Sontak pernyataan kedua petinggi Negeri Kanguru tersebut mengejutkan dunia dan membuat rakyat Indonesia meradang dan tersinggung karena telah merendahkan harga diri bangsa Indonesia. Pernyataan politik Abbott dan Bishop sebenarnya sesuatu hal yang wajar, tetapi dalam pergaulan tingkat tinggi, protes seorang kepala pemerintahan yang mengaitkan dengan bantuan kemanusiaan, sungguh sangat tidak elok, tidak elegan, sangat menyinggung dan menyakiti bangsa Indonesia.

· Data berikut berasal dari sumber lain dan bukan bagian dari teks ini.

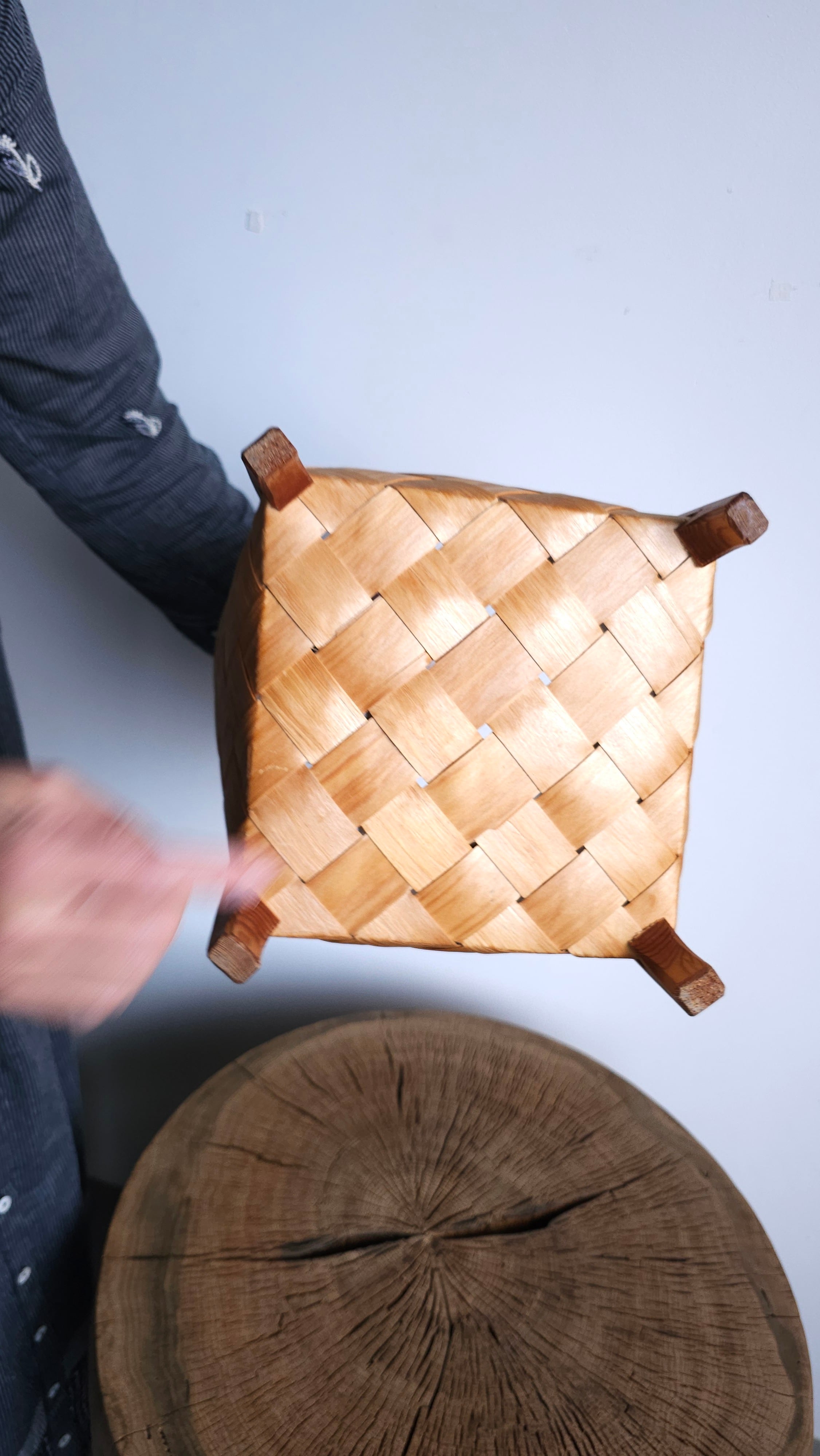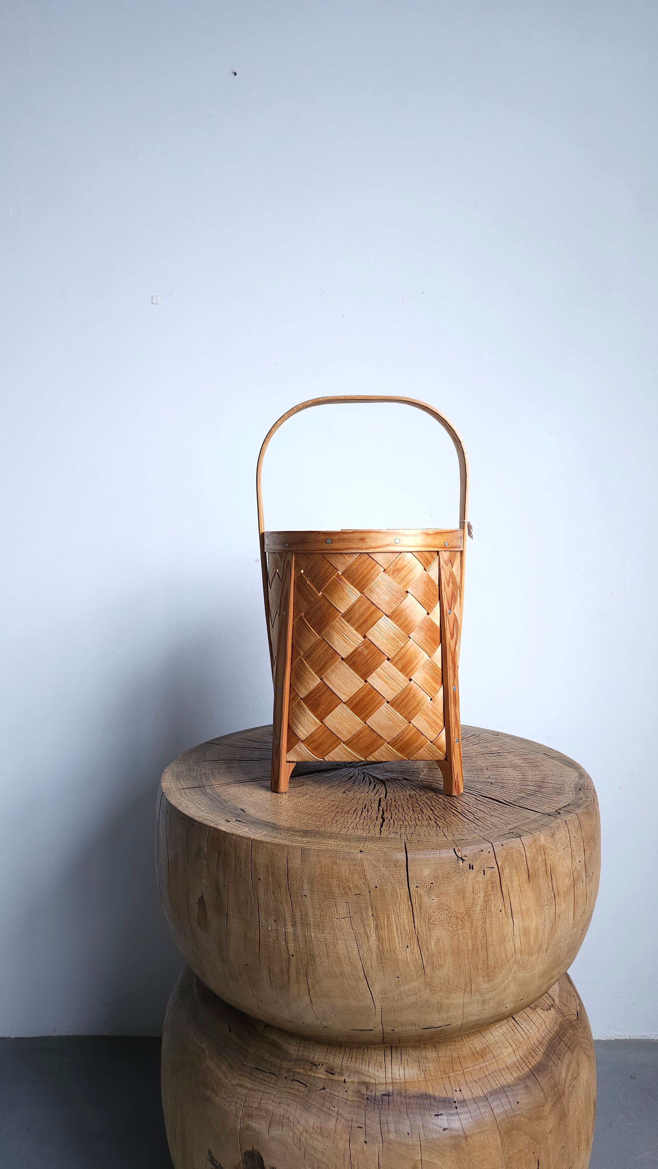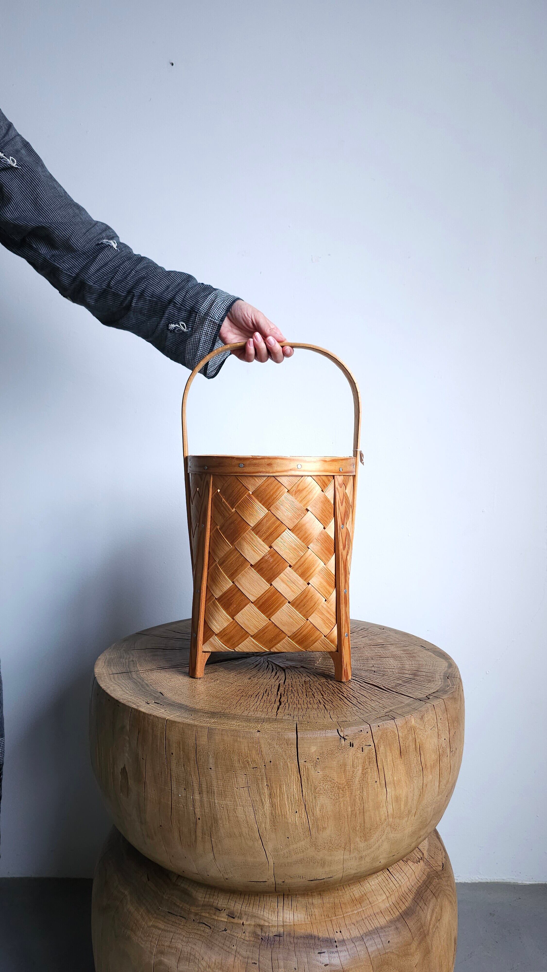 松の木を薄く裂いて編まれた籠
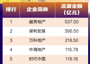 而流量金额维度,同样是TOP5房企业绩突破百亿,分别是越秀、保利、万科、中海、时代。与权益榜稍有不同的是,广州地铁由于操盘项目不多,所以并未出现在流量金额TOP30排行上。

Dari keteguhan pemerintahan Indonesia untuk mengampuni kedua narapidana Bali Nine, berkembang menjadi sikap antipati masyarakat Indonesia kepada Australia. Jika dicermati lebih jauh pernyataan-pernyataan Abbott dan Bishop, yang mengancam pemboikotan pariwisata ke Pulau Dewata, kiranya Pemerintah Australia perlu berhitung dengan cermat dengan segala rencana boikot-boikot mereka terhadap Indonesia.

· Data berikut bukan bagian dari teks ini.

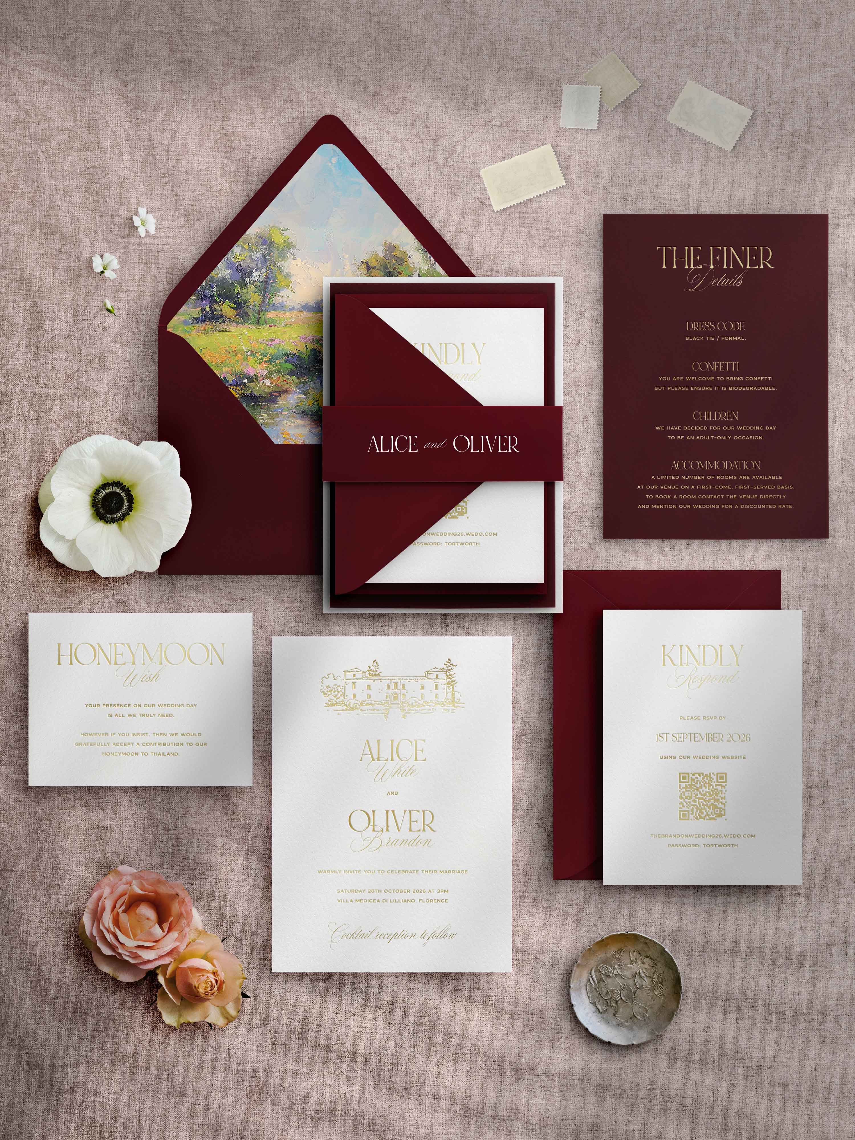 Additional advice would be to keep information concise where you can and, if possible, use a wedding website for a lot of your long-form, conversational wording. This can ensure you can put more of your budget into the styling of your invitations.
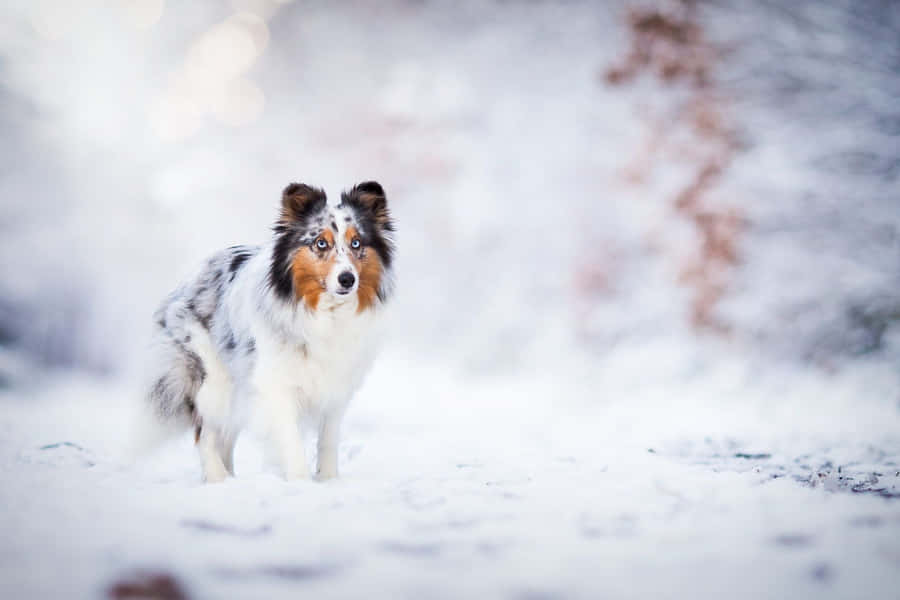 A Pup Embracing The Cold Of Winter. Wallpaper -
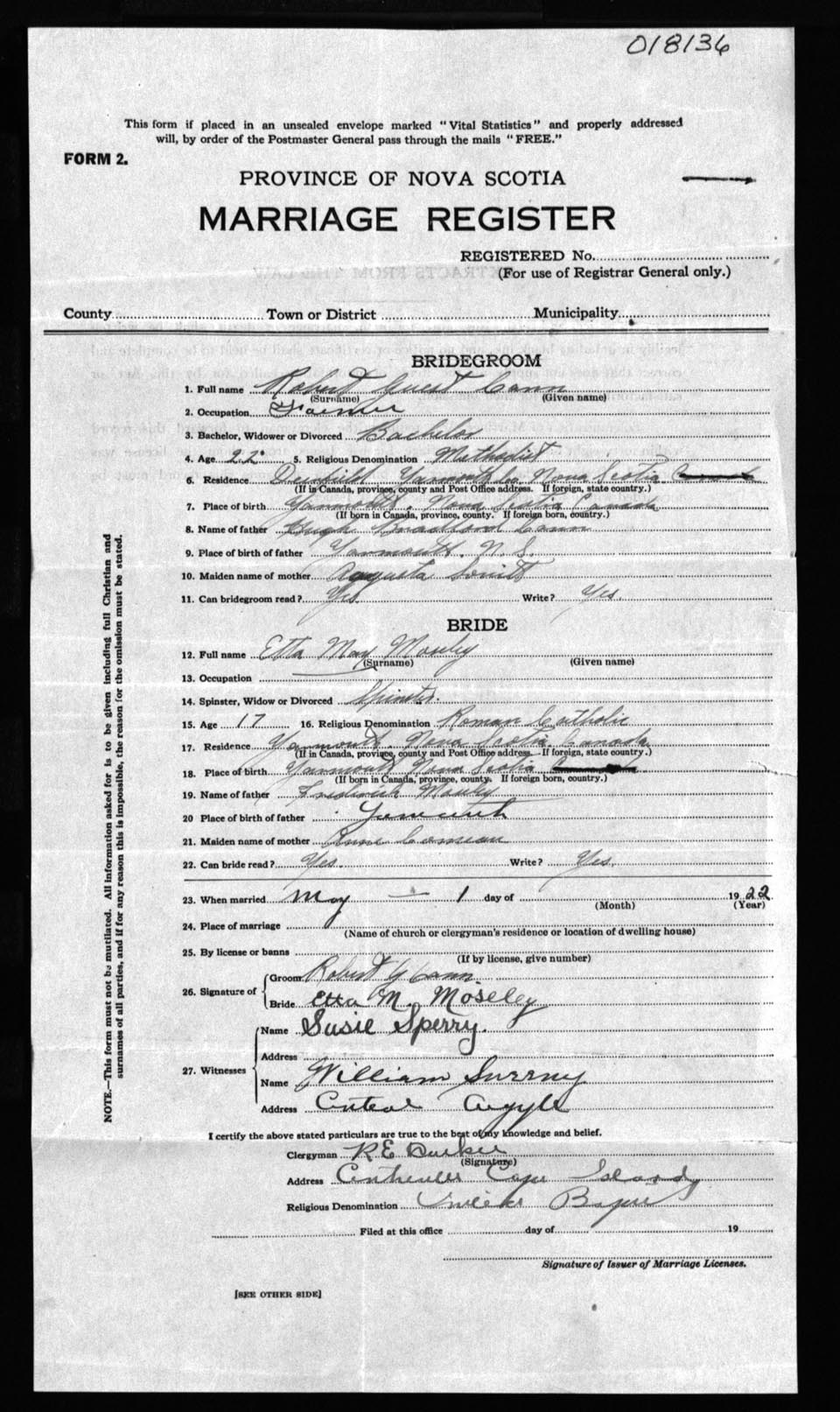 Registration: Year: 1922 number: 18136

Sebab jika boikot dilakukan, maka Indonesia dapat saja menjalankan diplomasi pertahanan terhadap Australia, dengan memblokade jalur pelayaran kapal-kapal dagang negara tersebut, yang akan berakibat kerugian lebih besar di pihak Australia. Memang tidak dapat dimungkiri bahwa Bali selama ini merupakan tujuan wisata utama warga Australia.
Meskipun demikian, secara persentase, Australia masih menduduki peringkat ketiga setelah dua negara ASEAN, Singapura dan Malaysia, dari sisi jumlah wisatawan yang berkunjung ke Bali sepanjang tahun lalu. Artinya, turis yang berasal dari intern ASEAN masih lebih banyak daripada Australia dari total 9,3 juta wisatawan ke Bali.
Demikian juga halnya dengan Alur Laut Kepulauan Indonesia (ALKI) yang dimiliki Indonesia. Dari tiga ALKI milik Indonesia, jalur laut melalui Laut Sulawesi, Selat Makassar, Laut Flores, Selat Lombok atau ALKI-II, merupakan jalur laut utama yang sering dilayari kapal-kapal dagang Australia.
Sekitar 80% komoditas Negeri Kanguru yang diangkut ke China melalui ALKI-II yang terletak di antara Pulau Lombok dan Bali. Masih segar dalam ingatan kita pada tahun 2006 yang lalu ratusan warga Lombok, Nusa Tenggara Barat (NTB), menyampaikan aspirasi mereka kepada Pemerintah NTB, agar pemerintah menutup Selat Lombok sebagai jalur utama perdagangan kapal-kapal Australia.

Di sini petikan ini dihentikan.